Scant notice is given of town hall meetings to enable us (or just some of us?) to discuss mosque massacre inquiry proposals

Here’s hoping the government has been using means other than Beehive press statements to advise interested parties about a programme of consulting people about implementing recommendations of the Royal Commission of Inquiry into the terrorist attack on Christchurch mosques on 15 March 2019.

The public statement was issued yesterday.  The first of a nationwide series of meetings starts in Wellington tomorrow.

According to a Radio New Zealand report, each meeting will be “a town-hall style discussion where people can share their thoughts and views directly with Ministers and ask questions”.

But NB – only some citizens will be let into the town hall.  Some meetings are for Muslims, some for Muslim youth and some for pan-ethnic or pan-faith groups.

The press statement gives the strong impression the meetings are not intended for most New Zealanders.

Mind you, maybe that’s because the discriminatory tone of the statement is a consequence of hasty drafting.   The government issued it hours after RNZ made inquiries.

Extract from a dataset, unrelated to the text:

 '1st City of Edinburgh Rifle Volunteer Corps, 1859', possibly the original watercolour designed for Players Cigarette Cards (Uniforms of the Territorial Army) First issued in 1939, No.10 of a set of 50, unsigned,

It was pumped  into the public domain along with –

  • A reminder from the Minister of Immigration to tour and other event organisers of the importance to have all COVID-19 border requirements approved and in place before visitors try to enter New Zealand. This follows a charter cruise vessel’s decision to set sail for New Zealand last month before ensuring all those on board had the necessary visas for entry to this country.
  • An announcement that new research into what Kiwis want from tourism and domestic holidays has been released to help the industry adjust to the impact of COVID19 on borders and international travel. The research is available on Tourism NZ’s website (here).
  • Prudence Steven QC, barrister of Christchurch has been appointed as an Environment Judge and District Court Judge to serve in Christchurch.
  • An updated assurance from the Minister of Finance that the Government’s books are in better shape than expected.  The Crown Accounts for the five months to the end of November were more favourable than forecast in the Half-year Economic and Fiscal Update (HYEFU) The Operating Balance before Gains and Losses (OBEGAL) deficit at $4.3 billion was $1.9 billion better than that forecast in HYEFU.

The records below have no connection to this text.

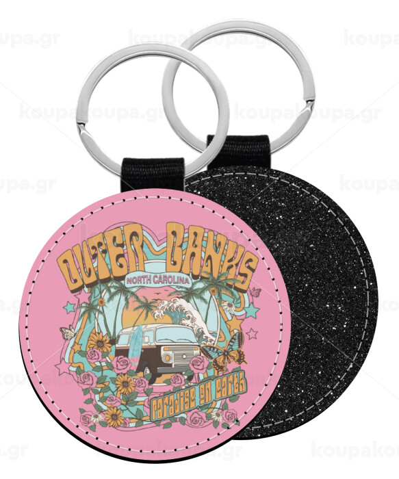 Outerbanks paradise on earth, Μπρελόκ Δερματίνη, στρογγυλό ΜΑΥΡΟ (5cm)
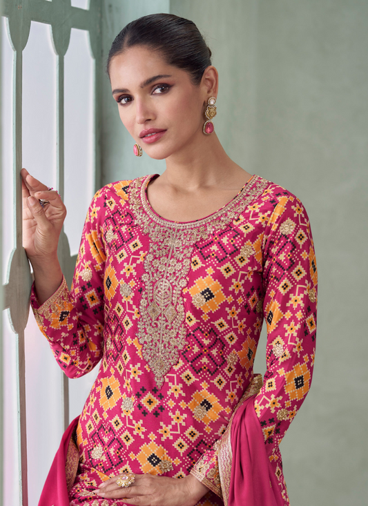 Magenta Pink Embroidered Chinon Sharara Suit with Dupatta for Indian WeddingsRegular price From $218.00 CADRegular priceUnit price / per$979.00 CADSale price From $218.00 CADSale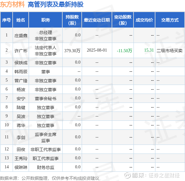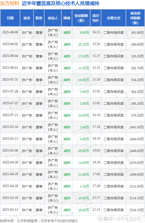 东方材料近半年内的董监高及核心技术人员增减持详情如下:

 Our suspicion that most Kiwis are not expected to turn up at meetings to discuss the implementation of Royal Commission recommendations on the mosque massacre stems from the emphasis in the the first sentence of the press statement:

The Government begins extensive engagement with Muslim and other ethnic communities across the country on the report by the Royal Commission of Inquiry into the terrorist attack on Christchurch masjidain (the Royal Commission) this weekend.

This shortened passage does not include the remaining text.